CPR employs an algorithm for finding all single sink DAGs in a dataflow graph. The graph cannot have control in it, but CPR may be applied to the dataflow parts of a control-flow graph.

The large number of generated patterns are pruned and sorted according to architecture-specific heuristics to emphasize the most important and frequently-occurring patterns. CPR is part of DIL, a data-flow intermediate compiler for pipelined-reconfigurable architectures being developed at Carnegie Mellon [2]. While the algorithm is described in the context of DIL and dataflow graphs, it is equally applicable to traditional CAD tools and netlists.

In the next section we describe the context within which CPR is based and present some example graphs. In Section 3 we describe our algorithm and its implementation.

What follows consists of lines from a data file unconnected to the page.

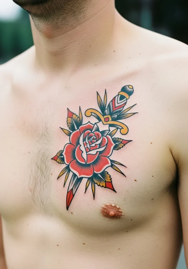 Rose and Dagger Chest Tattoo Design
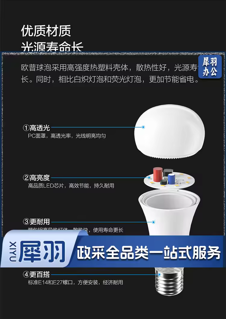 欧普(OPPLE)LED灯泡节能灯泡 E27大螺口家用商用功率光源 8瓦白光球泡 3只装
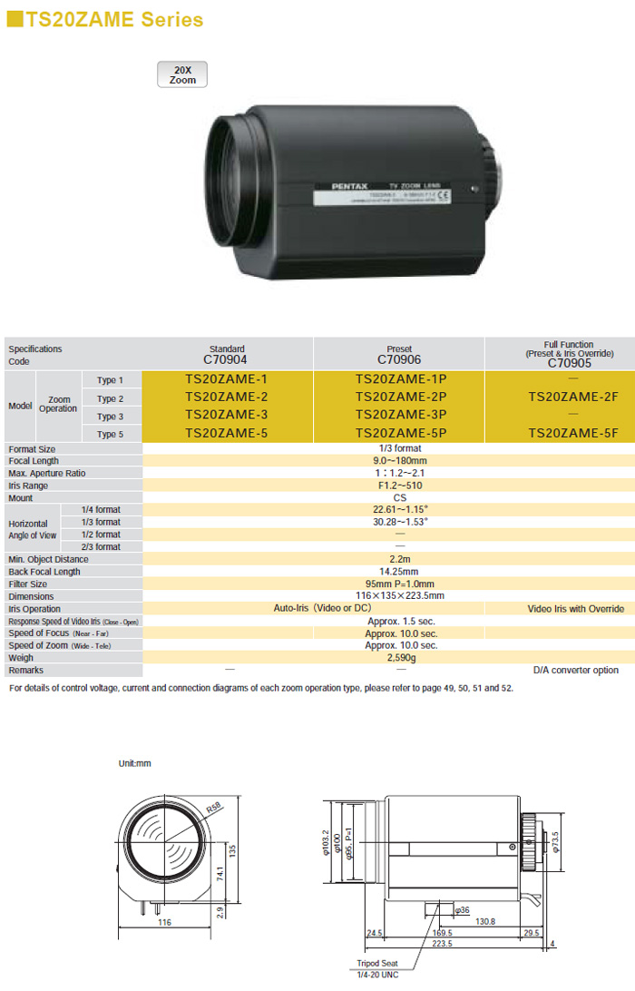 | The PENTAX CCTV Lens provides quality images with proven reliability! |
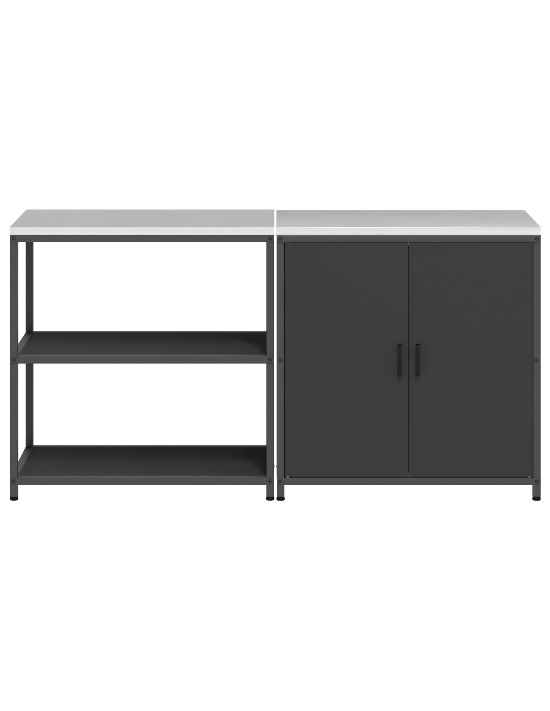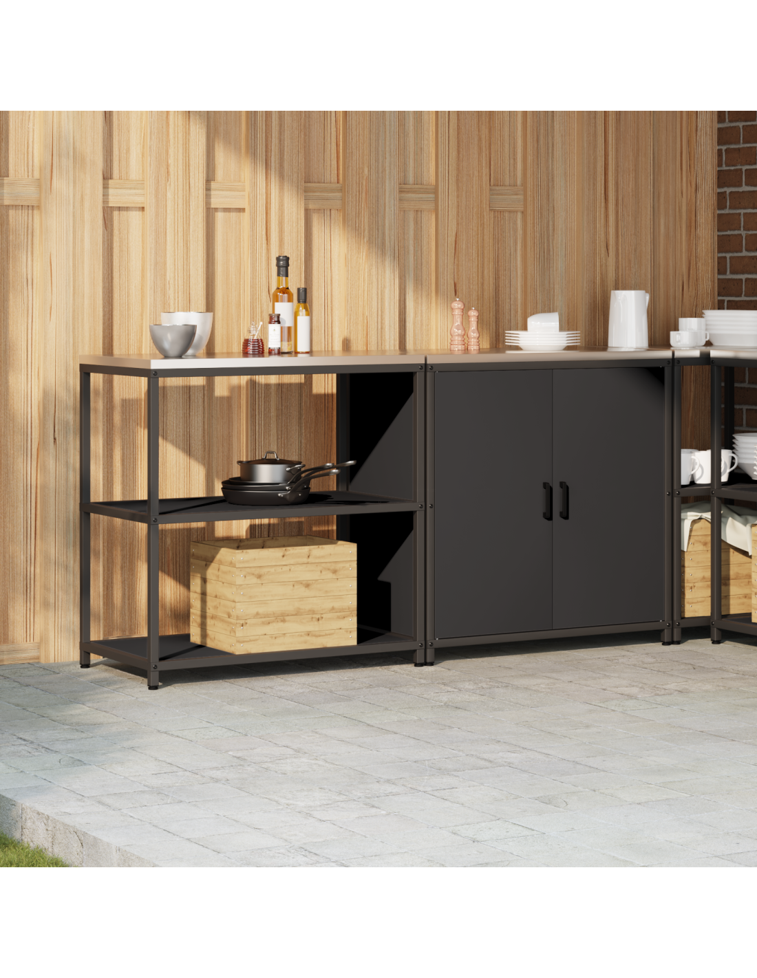 - Componenti inclusi: Ogni elemento di questa unità ha una funzione pratica. Dotata di porte e mensole in acciaio, offre longevità e un facile accesso a tutto ciò che contiene. Le maniglie e le gambe nere mantengono un aspetto armonioso, rendendola ancora più elegante. Il design rettangolare ottimizza lo spazio, rendendo la cucina più funzionale.
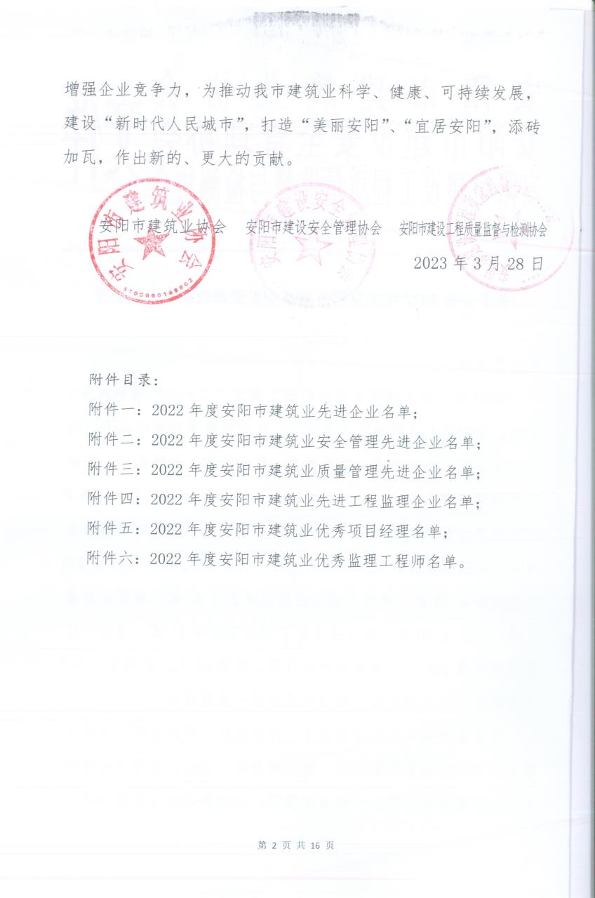 安陽市建筑業協會、安陽市建設安全管理協會、安陽市建設工程質量監督與檢測協會聯合公布“2022年度安陽市建筑業先進單位、優秀項目經理(建造師)”的通知,河南瑞恒建筑工程有限公司再次榮獲2022年度“安陽市建筑業先進企業”、“安陽市建筑業安全管理先進企業”、“度安陽市建筑業質量管理先進企業”和數名優秀項目經理,我司建造師馬艷紅、張富芹、魏艷玲、徐翊君、魏新、單意超、宋賓賓、朱志剛、華英麗、王雨等十人也榜上有名。
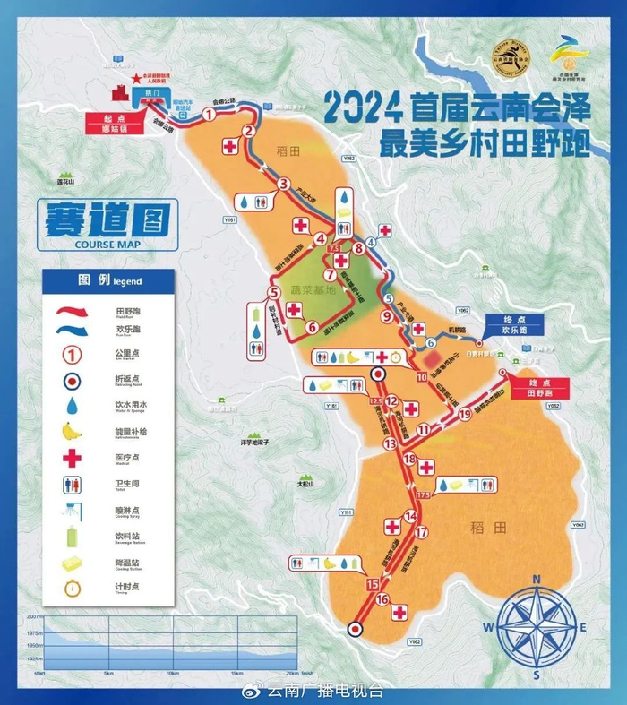 (一)最美乡村田野跑:从娜姑镇集镇出发,沿会娜公路向东→到乐里小学右转向南→沿产业大道至道成公司蔬菜基地路口→右转至蔬菜基地道路(土路)→向东至则补村村道→向南至道成公司蔬菜基地路口→向东进入蔬菜基地道路(土路),转向北再转向东→沿产业大道向南至白雾村机耕路→向西至海河机耕路→向北至机耕路折返点→向南至落水洞高架桥下折返点→向北至白雾村机耕路→向东到达终点。
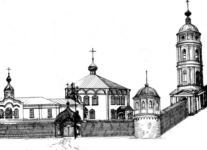 В первой половине XIX века в монастыре был воздвигнут ряд новых построек: в 1801 г. – каменный 2-этажный корпус, в 1816 г. – каменный 1-этажный дом (в нём братские келии, трапеза, кухня, кладовая), в 1818–1822 гг. – каменная колокольня. Таким образом, к началу 40-х годов XIX века монастырь приобрёл тот вид, который оставался практически неизменным вплоть до его разрушения в годы советской власти. Тихий, благообразный, загородный монастырь жил своей внутренней, спокойной и размеренной жизнью.
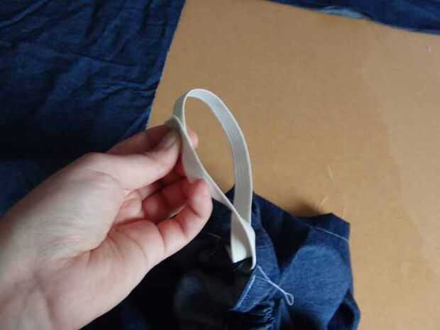 Cortar el elástico con dos pulgadas de longitud permitidas superposición el elástico y coser juntos.
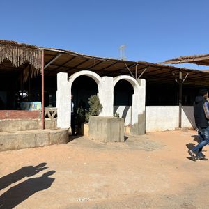 往路は一度トイレ休憩をとります。トイレは砂漠のオアシスのような所で、トイレの入り口にトイレチップの取り立て人のような人がいて、払わないで入ろうとすると、呼び止められます。二人で5エジプトポンドで十分な感じでした。
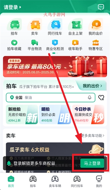 进入首页后点击马上登录
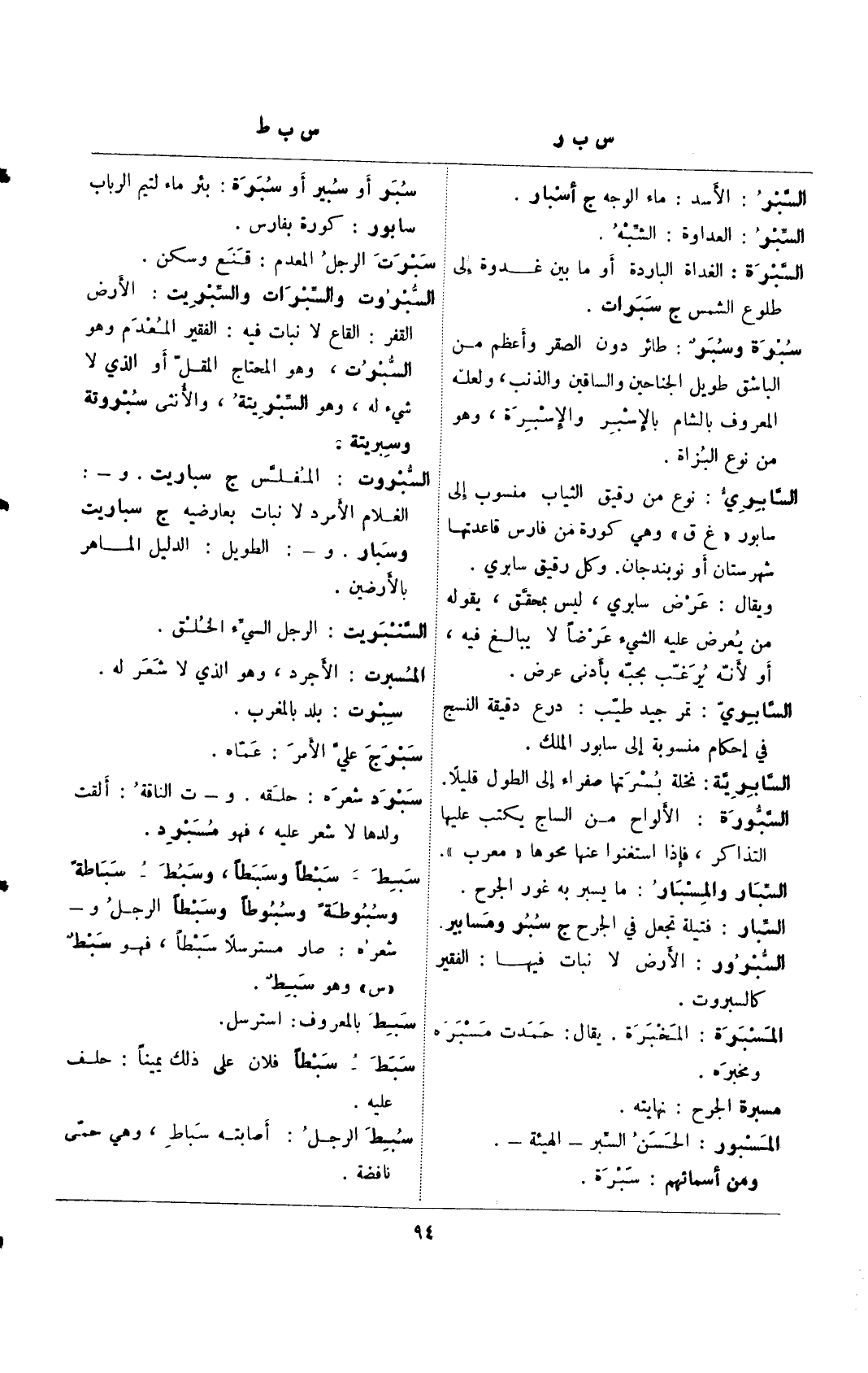 سبرد شعره: حلقه. و- ت الناقة: ألقت ولدها لا شعر عليه، فهو مسبرد. سبط- سبطًا وسبطًا، وسبط – سباطًو وسبوطًة وسبوطًا وسبطًا الرجل و- شعره: صار مسترسلًا سبطًا، فهو سبط "س" وهو سبط.
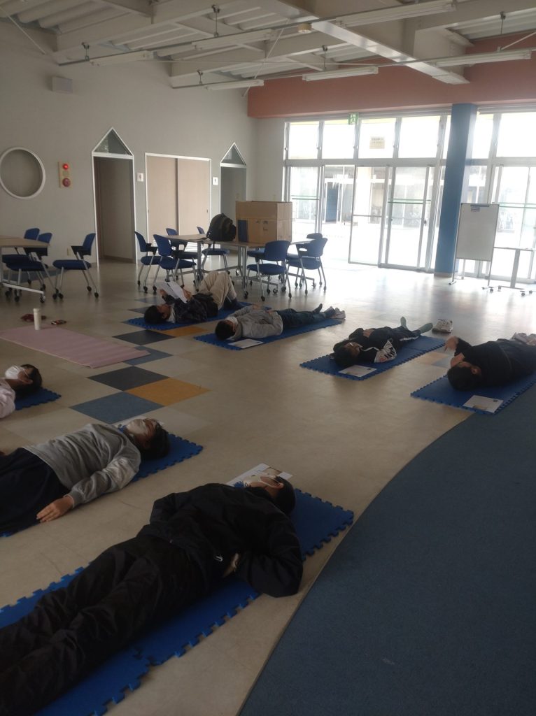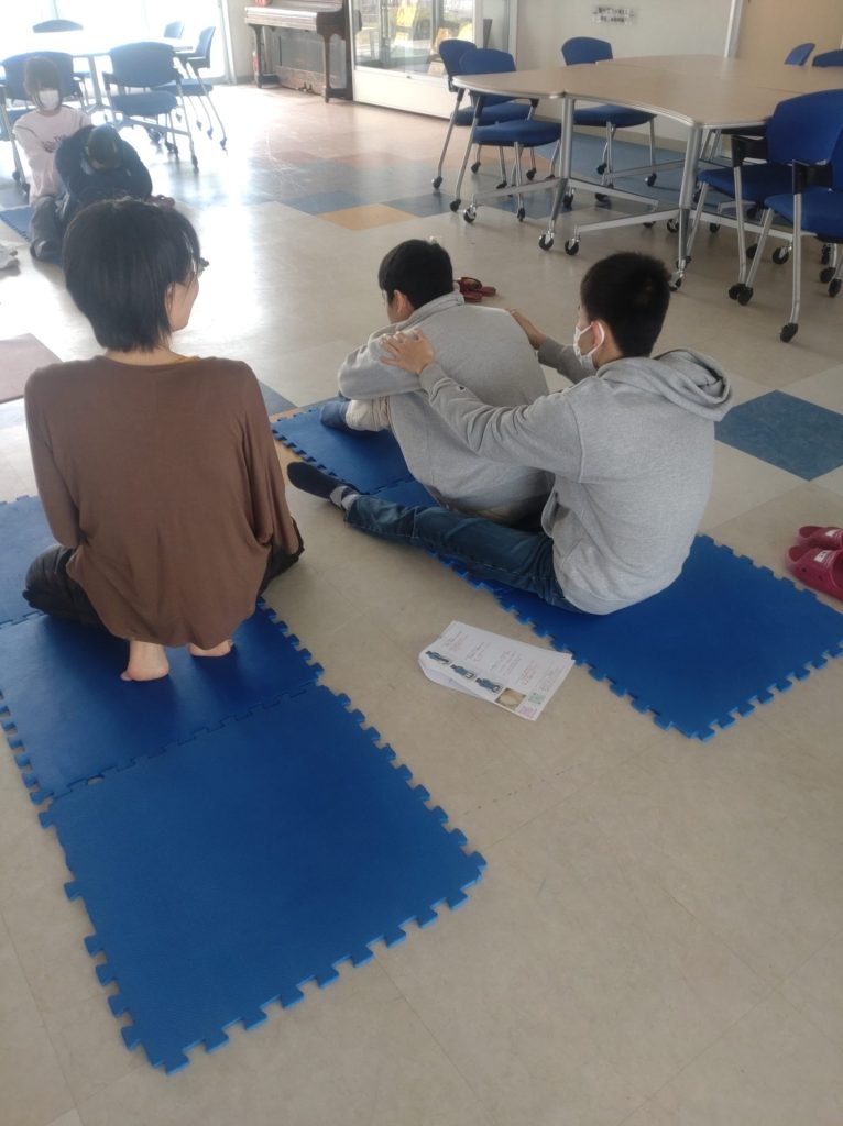 5月9日(金)4限目にヨガ講師の先生を招いて、本校飛躍にて2年生対象の「タッチセラピー」を行いました。最初に、裸足で飛躍横の芝生の上を歩きました。次に、飛躍の中に戻り、ゆったりとした音楽を流し部屋を薄暗くした中で、ヨガマットの上に仰向けに寝転がり身体の沈み具合を確認しました。その後、自分自身の手で身体を摩り、リンパの流れを良くしました。再度マットに寝転がり、身体の沈み具合の変化を体感しました。最後に、ペアになって背中をマッサージしました。生徒からは、「楽しく取り組めた」「身体と気持ちが軽くなった気がする」「家族にもしてあげたい」という感想がありました。
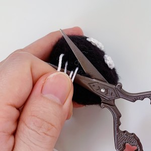 - After you’ve achieved the “desired” fuzziness, sew on the eyes, with a small gap in between the two.
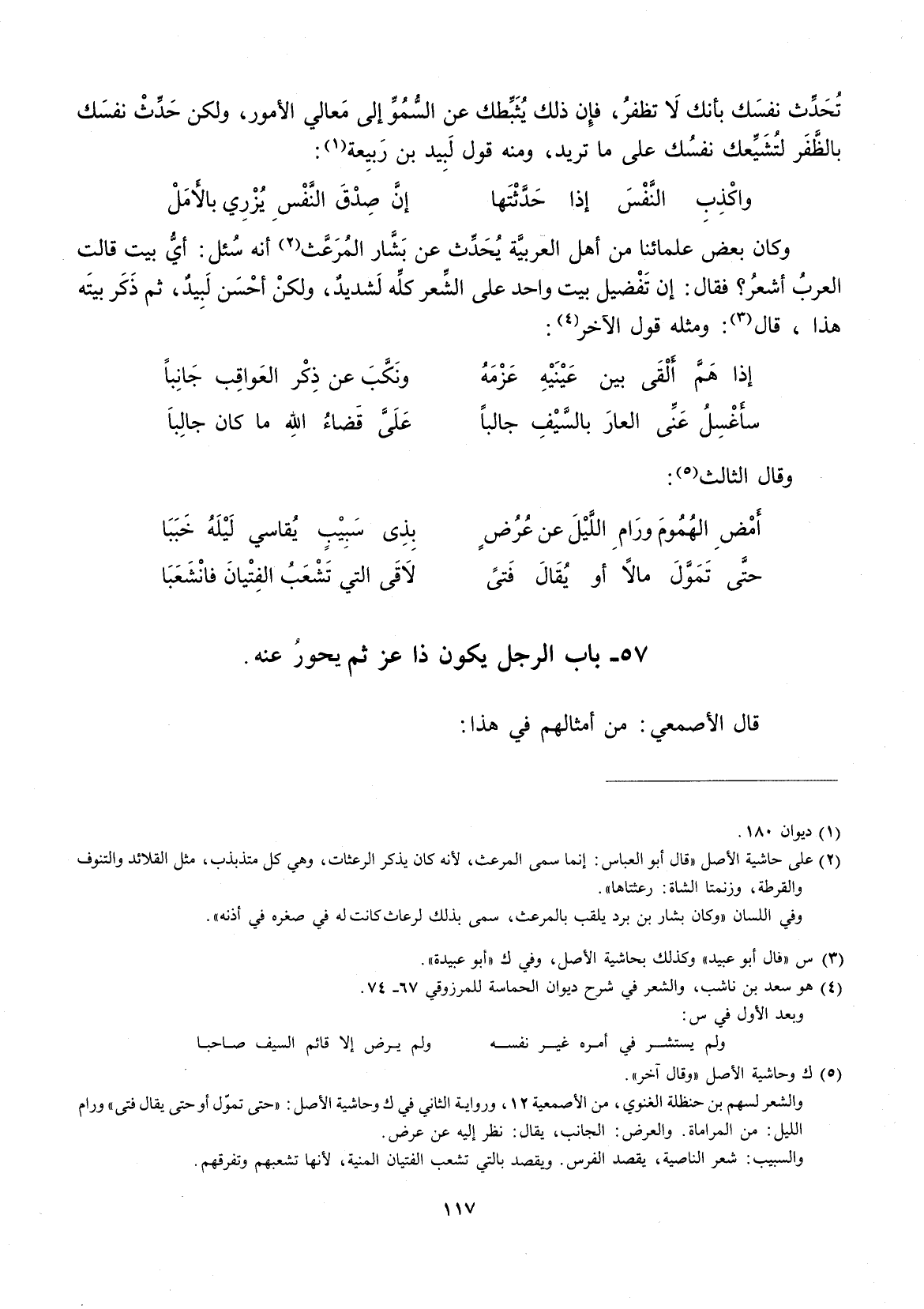 تحدث نفسك بأنك لا تظفر، فإنَّ ذلك يثبطك عن السمو إلى النعالي الأمور، ولكن حدث نفسك بالظفر لتشيعك نفسك على ماتريد، ومنه قول لبيد بن ربيعة:
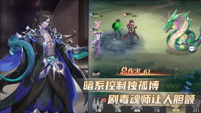 四、战斗系统,采用1主角+6魂师模式,结合自选站位阵法,真实还原小说中7人团战。在这里,你可以灵活的制定自己的战术,利用属性克制与技能搭配,利用自己的天赋领域与唐门暗器,扬长避短,以弱胜强。
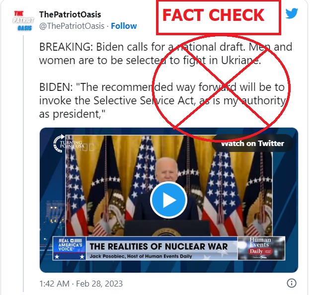 The tweet said, ”BREAKING: Biden calls for a national draft. Men and women are to be selected to fight in Ukraine” and added, “The recommended way forward will be to invoke the Selective Service Act, as is my authority as president.” The post also carried an image of President Biden making an address.
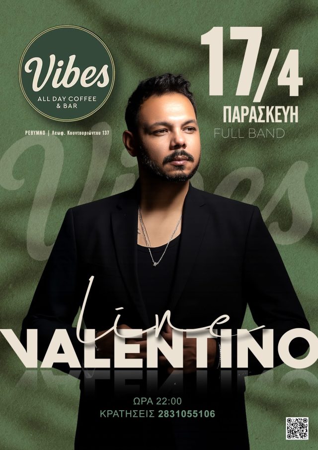 ΕΙΔΗΣΕΙΣ ΠΟΛΙΤΙΣΜΟΣ Ο Valentino ζωντανά στο Vibes All Day Coffee & Bar Απρ 12, 2026 FacebookTwitterWhatsAppLinkedinViberTelegramEmail O Valentino με την ορχήστρα του ζωντανά για μία λαϊκή βραδιά στο Vibes All Day Coffee & Bar. Παρασκευή 17 Απριλίου 2026 – Έναρξη 22:00. Τηλ. κρατήσεων: 28310 55106 – 6972 341915
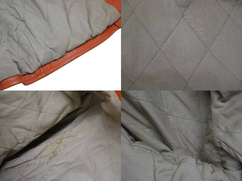 首元、フロント、袖、背面にスレ、汚れ、シワあり。背面プリントに少々スレあり。内側に汚れあり。金具パーツにスレ、小傷、くすみあり。その他使用感の少ない状態です。

Section 4 takes a look at some of the important patterns generated by CPR and shows how these patterns have influenced our compiler and the ASM library. We go over some related work in Section 5 and conclude in Section 6.

2 An Architecture Specific Macro Library

One of the primary goals motivating CPR is to provide information to the designer of an Architecture Specific Macro library (ASM library). An ASM Library is a key enabler for retargetability of the DIL compiler. The ASM library contains macros which can generate pre-placed and routed modules for a particular FPGA architecture. Each macro is associated with a fragment of a data flow graph. For example, Figure 1 shows the graph for the add-with-carry-in macro. Associated with this graph is a macro generator which will generate a pre-placed and routed configuration for add-with-carry-in. Instead of including code in the compiler specific to a particular architecture, the compiler can use graph matching to take advantage of architecture specific features of the FPGA. When a macro in the library matches a portion of the data flow graph, the nodes in the data flow graph are replaced with the macro node. This macro node is handled specially in the place and route portion of the compiler to create the proper configuration.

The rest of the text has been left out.